Morning Fizz: Hit the Hardest

1. Before his gig tonight at Town Hall, national global warming guru Bill McKibben (McKibben wrote a defining article in Rolling Stone—"Global Warming's Terrifying New Math"—last year, and his group 350.org is organizing a 1980s-style divestment movement against the oil industry to fight climate change), is hosting a fundraiser for Mayor Mike McGinn at the Sorrento Hotel on First Hill.
State Rep. Hans Dunshee (D-44, Snohomish)—a purist McGinn-style green in Olympia who split with the environmental bloc in Olympia and voted 'No' on this year's $10 billion transportation package—and Sightline Executive Director Alan Durning are among the hosts at the recommended $50-donation reception.

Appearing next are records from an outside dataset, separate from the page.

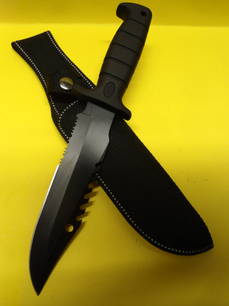 Messer mit scharfer, geschwärzter Klinge - teilw. Sägezahnung
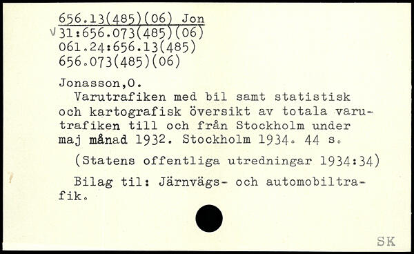 Varutrafiken med bil samt statistisk och kartografisk översikt av totala varutrafiken till och från Stockholm under maj månad 1932.
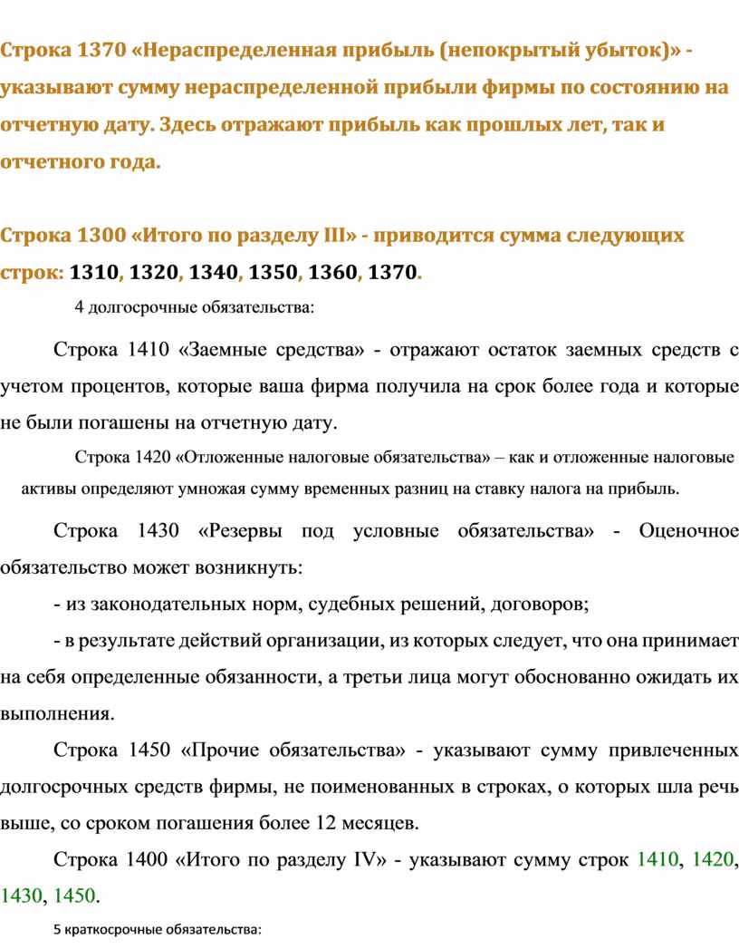 Строка 1450 «Прочие обязательства» - указывают сумму привлеченных долгосрочных средств фирмы, не поименованных в строках, о которых шла речь выше, со сроком погашения более 12 месяцев.

2. A new report from the D.C.-based non-profit Institute on Taxation and Economic Policy, which recommended a series of mostly lefty policy prescriptions to aid the poor (such as a local earned income tax credit), found that poor people in Washington state pay a greater percentage of their income—16.9 percent—in state and local taxes than in any other state; Illinois ranks second in the dubious achievement, but well below Washington at 13.8 percent.
The Washington Post picked up on the news this weekend, and gawking in a story headlined "The state that taxes the poor the most is… a blue one" wrote:
The state that easily handed President Obama a victory last November while passing voter-approved referendums legalizing same-sex marriage and marijuana consumption also happens to have the nation’s highest tax burden on the poor.
Poor families in Washington state pay 16.9 percent of their total income in state and local taxes, more than any other state in the nation, according to a new report from the nonprofit Institute on Taxation and Economic Policy, which advocates for progressive tax policies.
Washington takes the top spot by a sizable lead. For the poor in Illinois, 13.8 percent of their income goes to paying state and local taxes. In Florida, those taxes eat up 13.3 percent of the income of the poor. The share in Hawaii is 13 percent, followed by Arizona at 12.9 percent.
The Post, however, didn't pick up on another detail from the report about our supposedly left wing state: In contrast, the top one percent in Washington—people with income over $1.1 million—pay just 2.8 percent in state and local taxes.